3. Modulation of NER by ATP-Dependent Chromatin Remodelers
It is well established that TC-NER in the transcribed strand of genes, during which nucleosomes are unstable or absent, is uniform and rapid [47]. Conversely, GG-NER repairing the non-transcribed strand of genes is heterogenous, slower and modulated by nucleosome positioning [40]. In addition it has been determined in vitro, that human NER complexes need a nucleosome-free DNA space of ~80 bp–100 bp to access and efficiently excise UV photoproducts, highlighting a requirement for transient disruption of one or more nucleosomes [48]. As nucleosome structures inhibit NER, chromatin remodeling activities might be required for efficient repair in vivo [49–51].

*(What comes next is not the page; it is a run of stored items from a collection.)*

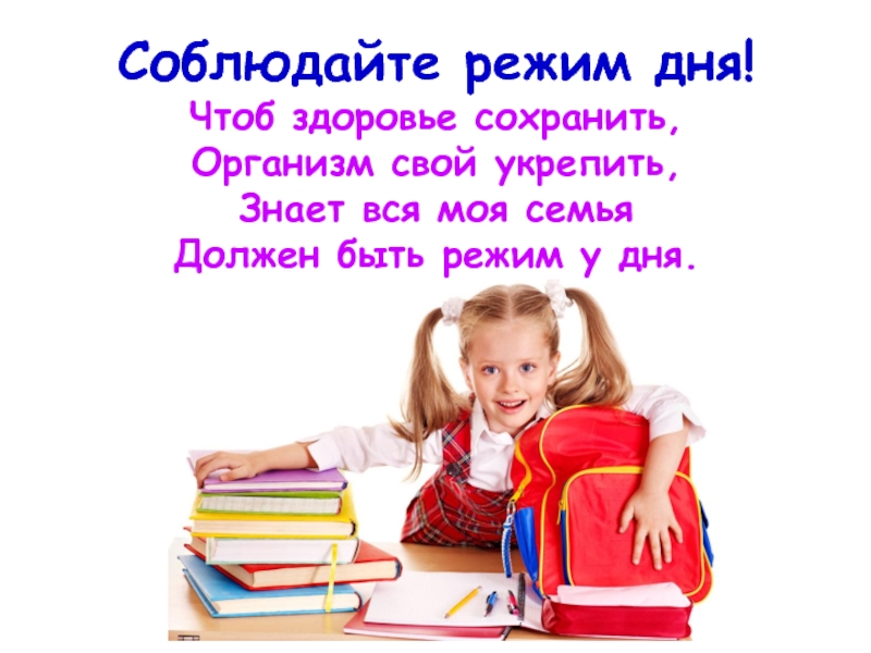 Слайд 3Соблюдайте режим дня! Чтоб здоровье сохранить, Организм свой укрепить, Знает вся моя семья Должен быть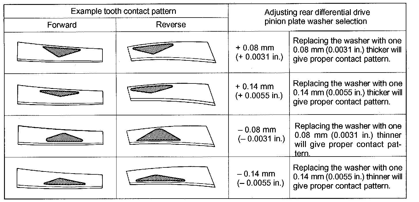 If tooth contact pattern is not correct, replace the adjusting washer installed on the front of the drive pinion rear bearing to adjust it.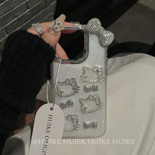 HANDMADE SILVERY KITTY CAT Sparkling Phone Case with Phone Charm Strap, Compatible for Samsung & iPhone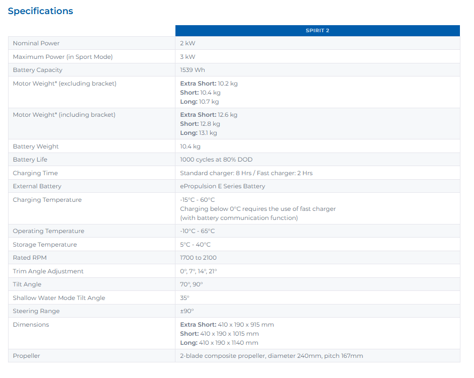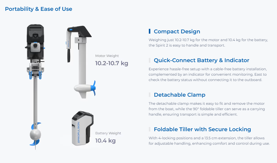 A decade of evolution has led to its fourth generation, ePropulsion expands the Spirit range to 2kW with the introduction of the new Spirit 2, a powerful battery-integrated electric outboard. This upgraded model delivers enhanced power while maintaining a similar compact size.

The possibility of a direct link between chromatin remodeling and the early steps of NER has been investigated for over a decade [49–51]. Initially, it was shown that purified ISWI-like complexes stimulate NER in dinucleosomes in vitro [51]. Since these reports appeared, a variety of chromatin remodeling complexes have been shown to play a role in promoting various DNA repair pathways. For example, at least five distinct ATP-dependent chromatin remodeling complexes (Ino80, Swr1, RSC, Swi/Snf, Chd1; representing all four ACRs subfamilies) are recruited and directly involved in distinct steps of double-strand break (DSB) repair and/or regulate DSB-damage responses in chromatin [52–58].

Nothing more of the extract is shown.